Diana (divisive analysis) - start with super cluster, then split, then split, etc. Look within one cluster, look for farthest outlier, doc least like the other and break into another cluster, then move documents that are more similar to it with that cluster. Then repeat. Keep dividing. Done when one doc per cluster, but can stop sooner.
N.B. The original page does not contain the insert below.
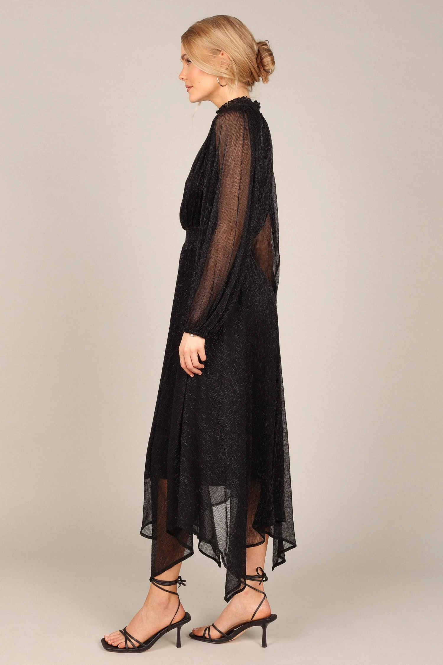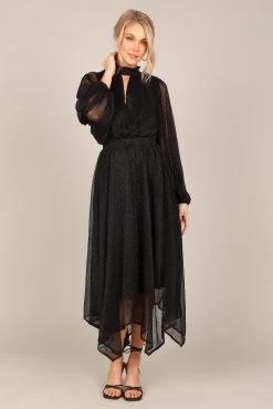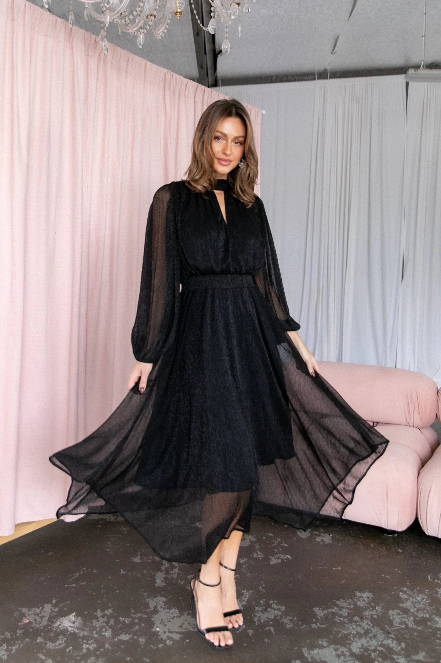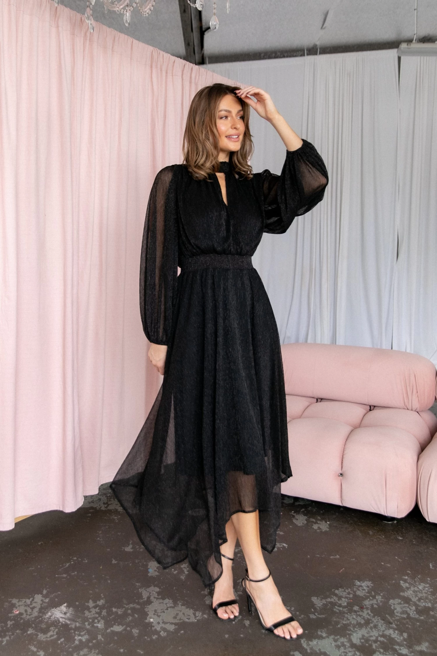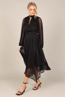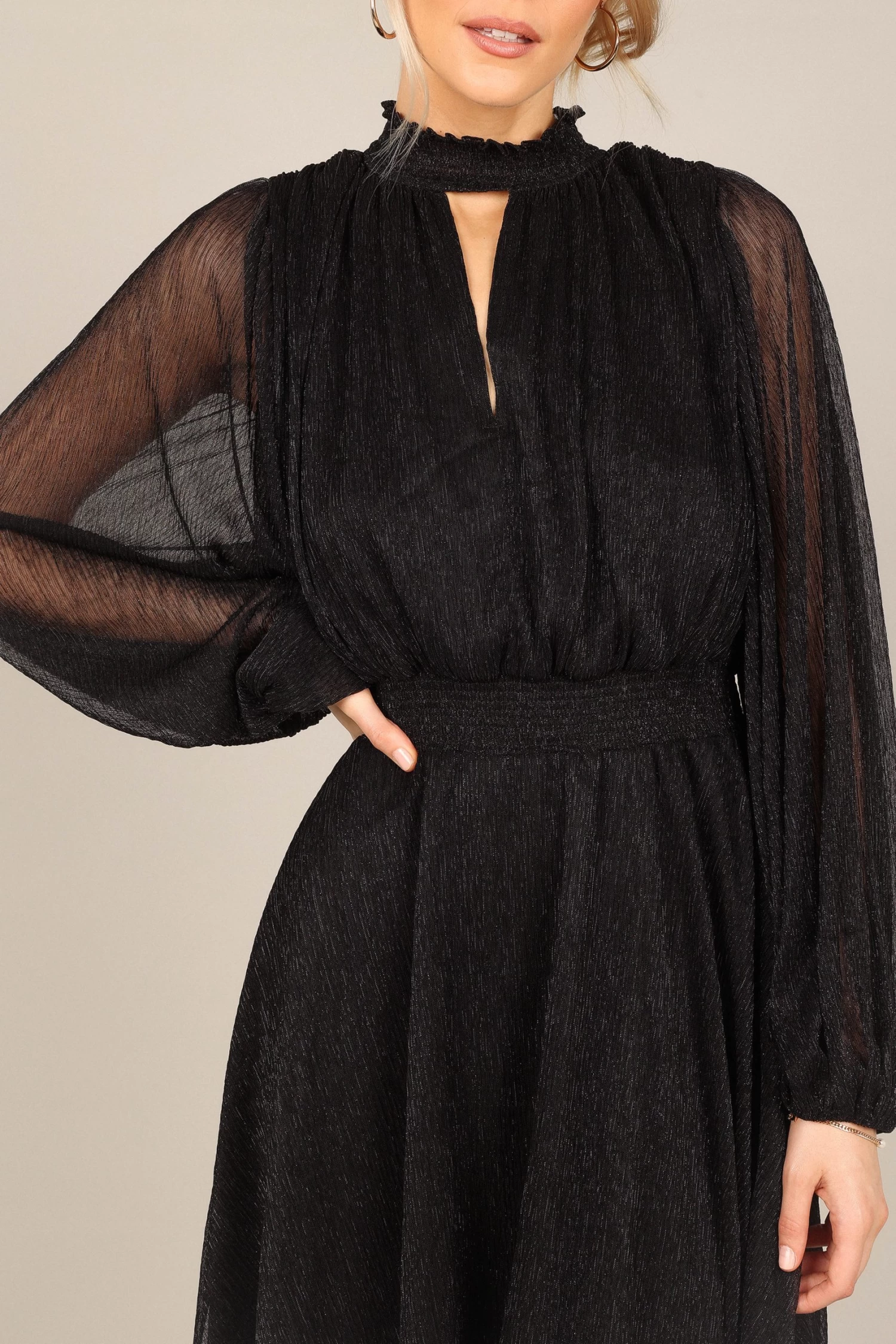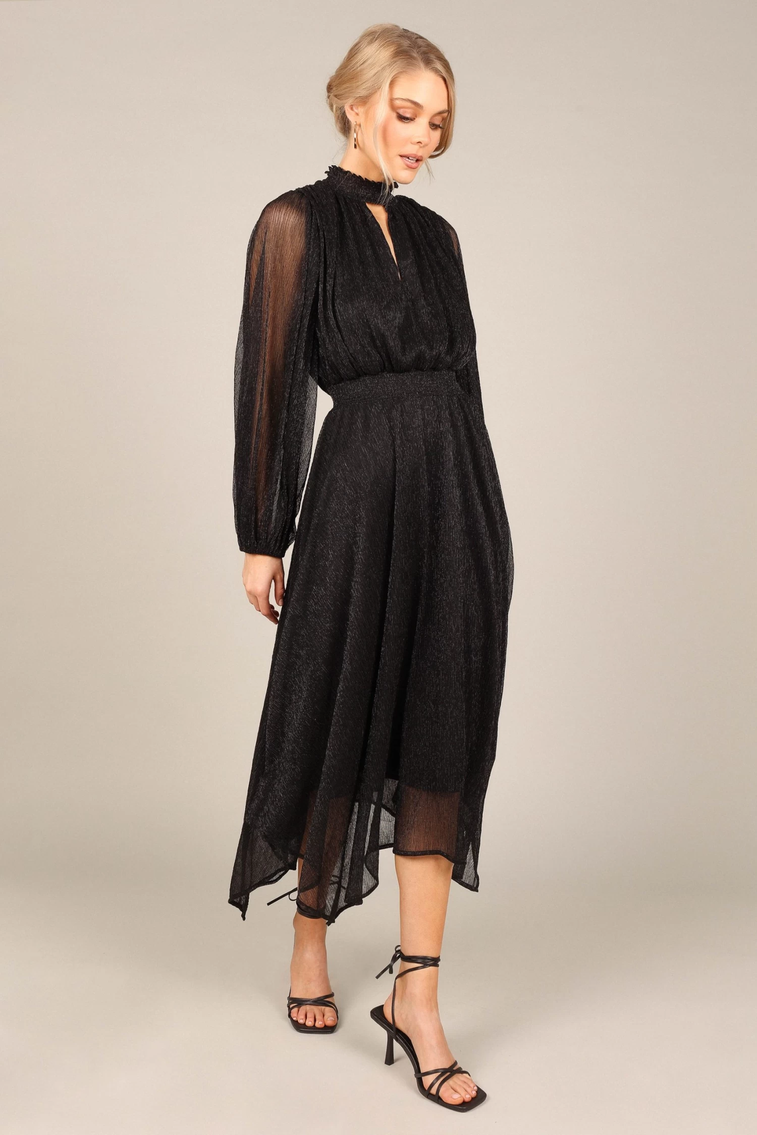 | DETAILS This midi dress is the perfect wardrobe staple for any party. With a classic high round shirred neckline, long sleeves with elasticised cuffs, and an eye-catching front cut out on the bust, this midi length dress will have you looking effortlessly stylish at every event.

Stop when if you continue dividing it would be difficult to tell the difference between clusters.
- We can cut the dendrogram wherever we want.
- Don’t have to decide ahead of time how many clusters because you can cut at different points in the tree.
Principal Component Analysis
- Dimensionality reduction
- 2d lot even if there are 30000, etc. dimensions
Labelling clusters
- Top n features from TF-IDF values from centroid or average or all docs in a particular cluster
- List top 3 or 4 features to get a quick label
Cluster Cohesion
Measures how closely related objects are in a cluster
Cluster Separation
Measures how distinct or well-separated a cluster is from other clusters. Clusters should be as far apart as possible. If they aren’t far apart, then they should be one cluster.
F measure
Harmonic mean between precision and recall
Evaluating Cluster Quality
Internal measures
- Cluster Cohesion
- Cluster Separation
External measures
- Entropy
- F-measure
Entity Resolution
Identifying and linking/grouping different manifestations of the same real-world object, e.g., addressing the same person in text (can’t go just by the name), web pages of same business, etc.
Clustering on graphs
Querying over a graph (traversing a graph) is faster than joining many tables especially when talking about a trillion records.